TASK TO CARRY OUT | With the pictures set aside, write out all of the data exactly as it stands.

_ _ _ _ _ _ _

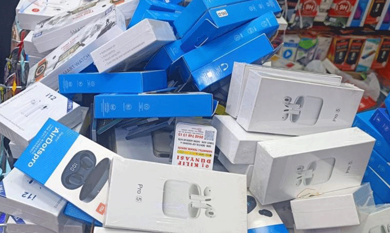 Operasyonda iki kişi yakalanırken adreste yapılan arama çalışmalarında 274 elektronik sigara, 85 cep telefonu, 270 kablosuz kulaklık, 10 akıllı kol saati ele geçirildi.
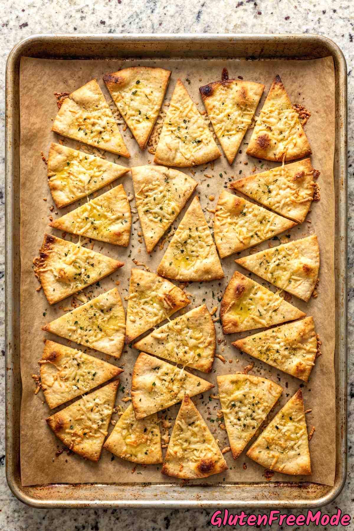 Only 5 Ingredients – You just need gluten free pita breads, olive oil, parmesan, garlic powder, and dried parsley. That’s it – simple, straightforward, and nothing weird or hard to find.
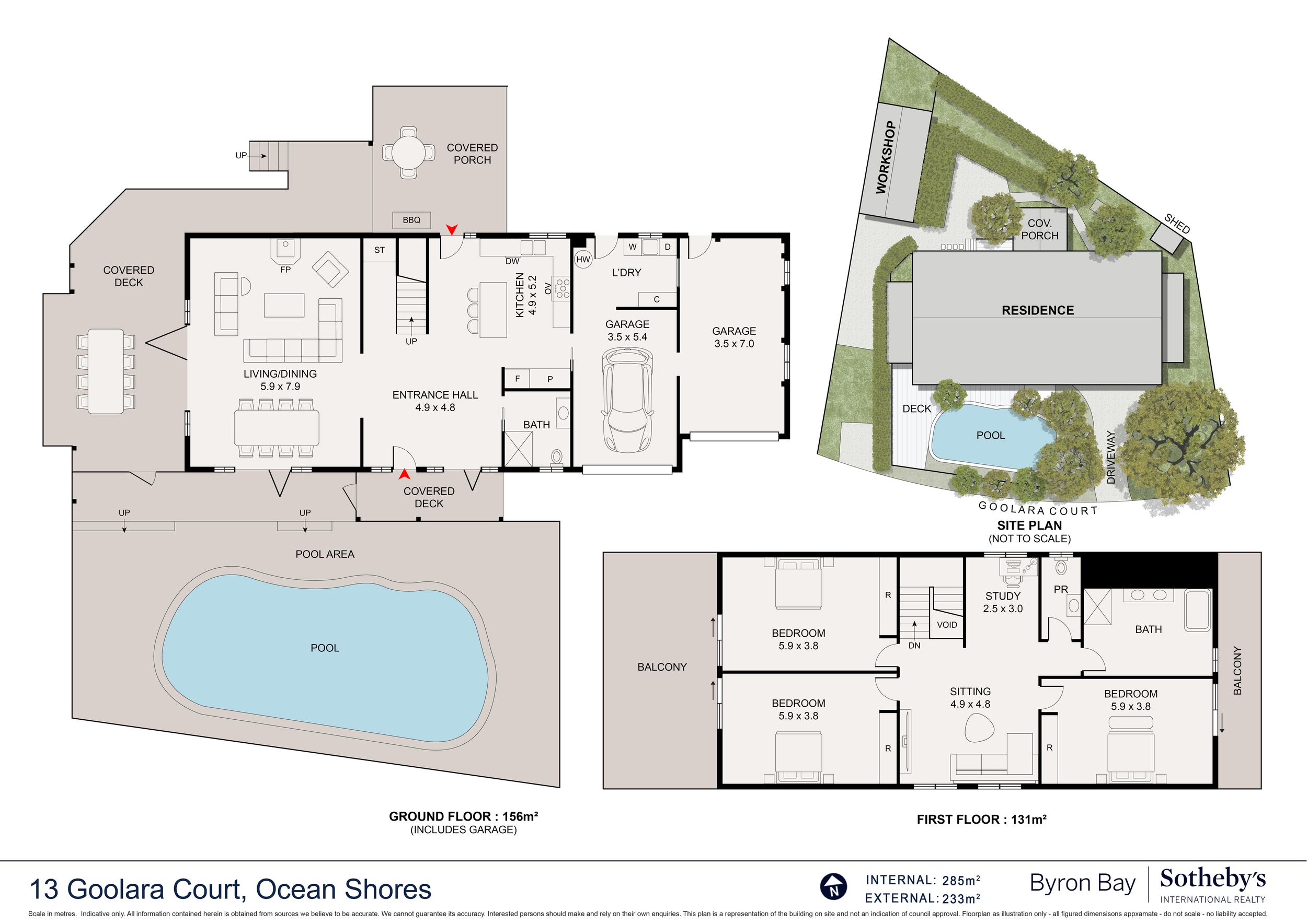 - Sweeping ocean views to Cape Byron from living areas, bedrooms, decks and pool
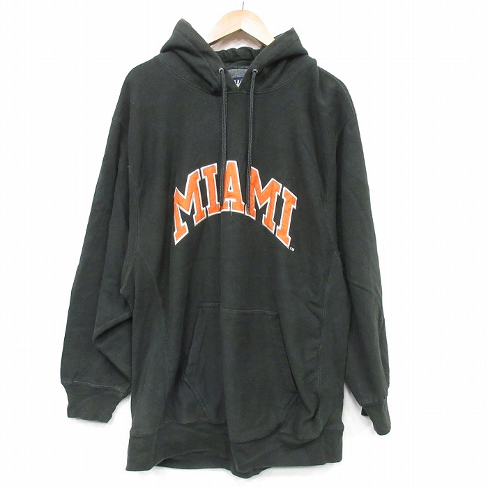 ■古着 STEVE & BARRYS 長袖 スウェット パーカー メンズ マイアミ 刺繍 濃緑 25nov18
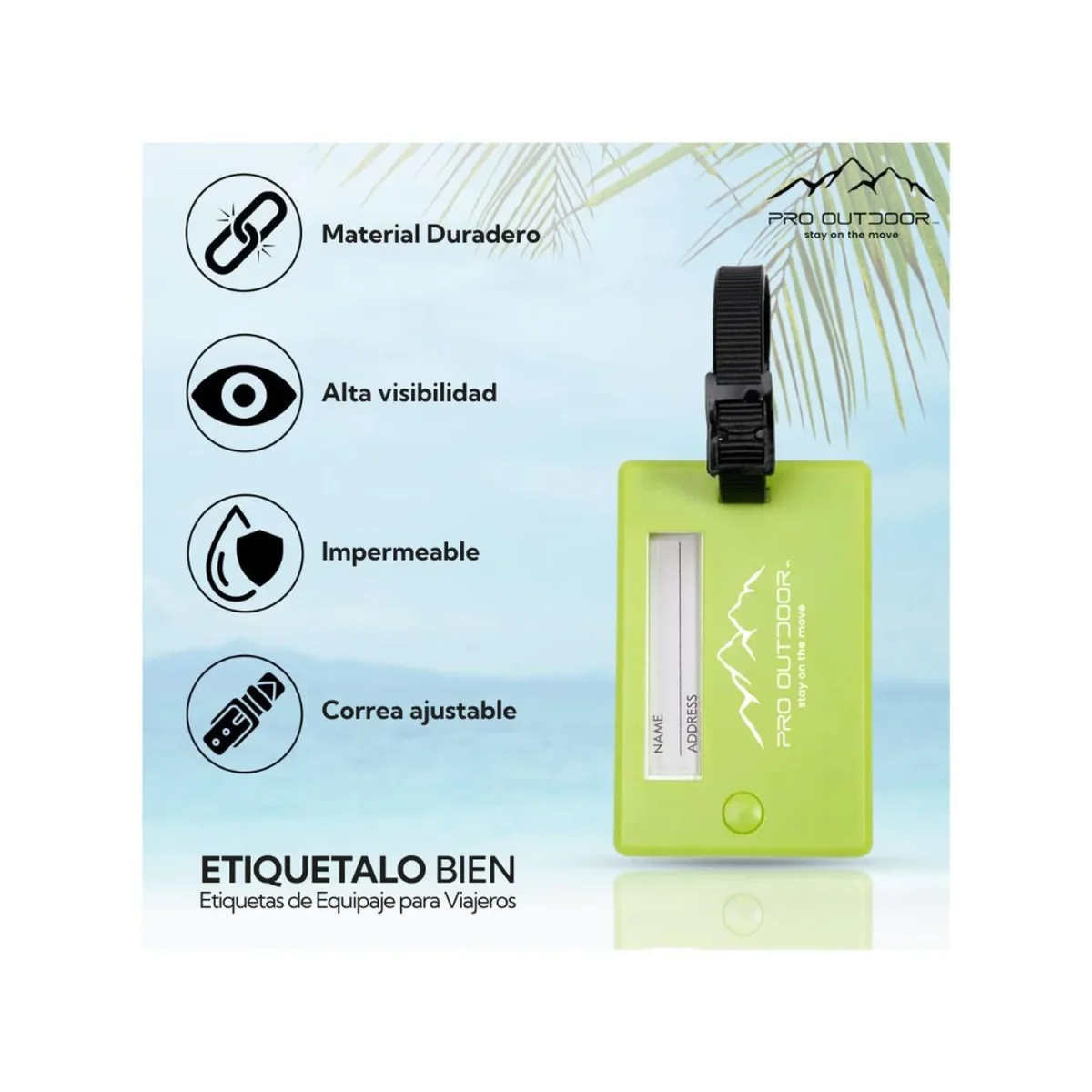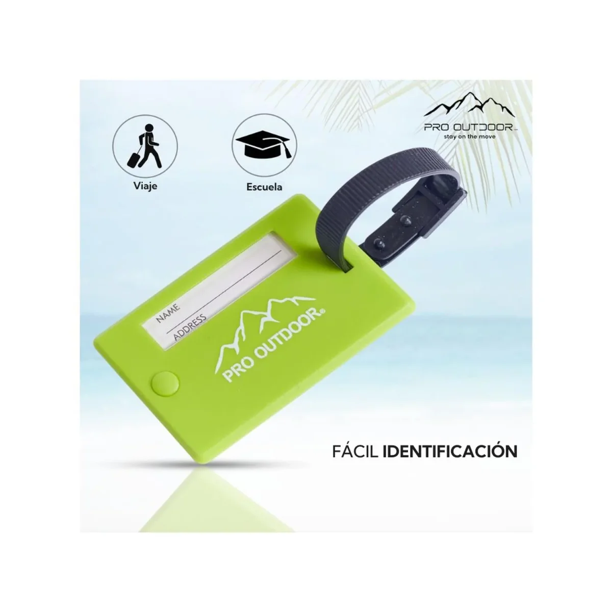 El Identificador Para Maleta Pro Outdoor es la opción ideal para personalizar y proteger tu equipaje durante tus viajes. Este identificador, disponible en un llamativo color verde, ayuda a hacer tu maleta única y fácilmente reconocible, reduciendo el riesgo de pérdida en aeropuertos o estaciones concurridas.El diseño del Identificador Para Maleta Pro Outdoor incluye una correa flexible y segura que mantiene el tag en su lugar durante todo el trayecto. Además, la correa es extraíble, lo que facilita su apertura cuando sea necesario. Con un estilo clásico y colores vibrantes, este identificador no solo asegura tu equipaje, sino que también le añade un toque distintivo y personal.Fabricado con materiales resistentes, el Identificador Para Maleta Pro Outdoor está diseñado para soportar el desgaste de los viajes frecuentes, asegurando su durabilidad en cualquier aventura. Como parte de la nueva línea de productos de viaje de Pro Outdoor, este identificador está pensado para ofrecer comodidad y estilo, haciendo tus paseos más prácticos y placenteros. Durable Seguro Comodo Se puede retirar la correa para abrir Correa flexible Verde
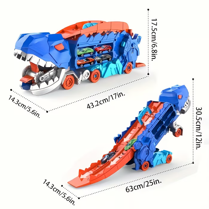 This dinosaur car carrier track truck is along with high quality die-cast alloy cars and a foldable track, gives your children novelty experience for leisure time playing and get-together with friends and family members. Racing anytime anywhere!
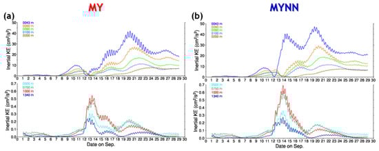 TC-induced winds generate intense kinetic energy in the upper ocean. The TC-generated kinetic energy is mostly consumed by vertical mixing between the surface warm water and the thermocline [], but some of the kinetic energy input radiates into the ocean interior in the form of near-inertial internal waves []. The time evolutions of the band-pass filtered velocity and the near-inertial kinetic energy obtained using both simulations are shown in Figure 8 and Figure 9, respectively. The cutoff of the band-pass filter is ± 1.75 h from the inertial period at the site. The near-inertial component of the velocity at the surface layer obtained using the MY model was stronger than that obtained using the MYNN model. However, the MYNN simulated a stronger increase in the near-inertial currents at all depths except the surface. In the MYNN model, the depth of the mixed layer is thicker and the horizontal convergence in the layer increases with the depth of the mixed layer, and the lead-direct current becomes stronger. During both simulations, as the typhoon approaches, the near-inertial kinetic energy begins to increase in the upper layer from 8 September and then rises strongly after the typhoon impact from September 12. However, the pattern of increase in the near-inertial kinetic energy differs between the two simulations. The near-inertial kinetic energy simulated in the MYNN model increased dramatically at all depths when the typhoon reached the site (13 September).

_ _ _ _ _ _ _

RESPONSE AREA |
 Operasyonda iki kişi yakalanırken adreste yapılan arama çalışmalarında 274 elektronik sigara, 85 cep telefonu, 270 kablosuz kulaklık, 10 akıllı kol saati ele geçirildi.
 Only 5 Ingredients – You just need gluten free pita breads, olive oil, parmesan, garlic powder, and dried parsley. That’s it – simple, straightforward, and nothing weird or hard to find.
 - Sweeping ocean views to Cape Byron from living areas, bedrooms, decks and pool
 ■古着 STEVE & BARRYS 長袖 スウェット パーカー メンズ マイアミ 刺繍 濃緑 25nov18
 El Identificador Para Maleta Pro Outdoor es la opción ideal para personalizar y proteger tu equipaje durante tus viajes. Este identificador, disponible en un llamativo color verde, ayuda a hacer tu maleta única y fácilmente reconocible, reduciendo el riesgo de pérdida en aeropuertos o estaciones concurridas.El diseño del Identificador Para Maleta Pro Outdoor incluye una correa flexible y segura que mantiene el tag en su lugar durante todo el trayecto. Además, la correa es extraíble, lo que facilita su apertura cuando sea necesario. Con un estilo clásico y colores vibrantes, este identificador no solo asegura tu equipaje, sino que también le añade un toque distintivo y personal.Fabricado con materiales resistentes, el Identificador Para Maleta Pro Outdoor está diseñado para soportar el desgaste de los viajes frecuentes, asegurando su durabilidad en cualquier aventura. Como parte de la nueva línea de productos de viaje de Pro Outdoor, este identificador está pensado para ofrecer comodidad y estilo, haciendo tus paseos más prácticos y placenteros. Durable Seguro Comodo Se puede retirar la correa para abrir Correa flexible Verde
 This dinosaur car carrier track truck is along with high quality die-cast alloy cars and a foldable track, gives your children novelty experience for leisure time playing and get-together with friends and family members. Racing anytime anywhere!
 TC-induced winds generate intense kinetic energy in the upper ocean. The TC-generated kinetic energy is mostly consumed by vertical mixing between the surface warm water and the thermocline [], but some of the kinetic energy input radiates into the ocean interior in the form of near-inertial internal waves []. The time evolutions of the band-pass filtered velocity and the near-inertial kinetic energy obtained using both simulations are shown in Figure 8 and Figure 9, respectively. The cutoff of the band-pass filter is ± 1.75 h from the inertial period at the site. The near-inertial component of the velocity at the surface layer obtained using the MY model was stronger than that obtained using the MYNN model. However, the MYNN simulated a stronger increase in the near-inertial currents at all depths except the surface. In the MYNN model, the depth of the mixed layer is thicker and the horizontal convergence in the layer increases with the depth of the mixed layer, and the lead-direct current becomes stronger. During both simulations, as the typhoon approaches, the near-inertial kinetic energy begins to increase in the upper layer from 8 September and then rises strongly after the typhoon impact from September 12. However, the pattern of increase in the near-inertial kinetic energy differs between the two simulations. The near-inertial kinetic energy simulated in the MYNN model increased dramatically at all depths when the typhoon reached the site (13 September).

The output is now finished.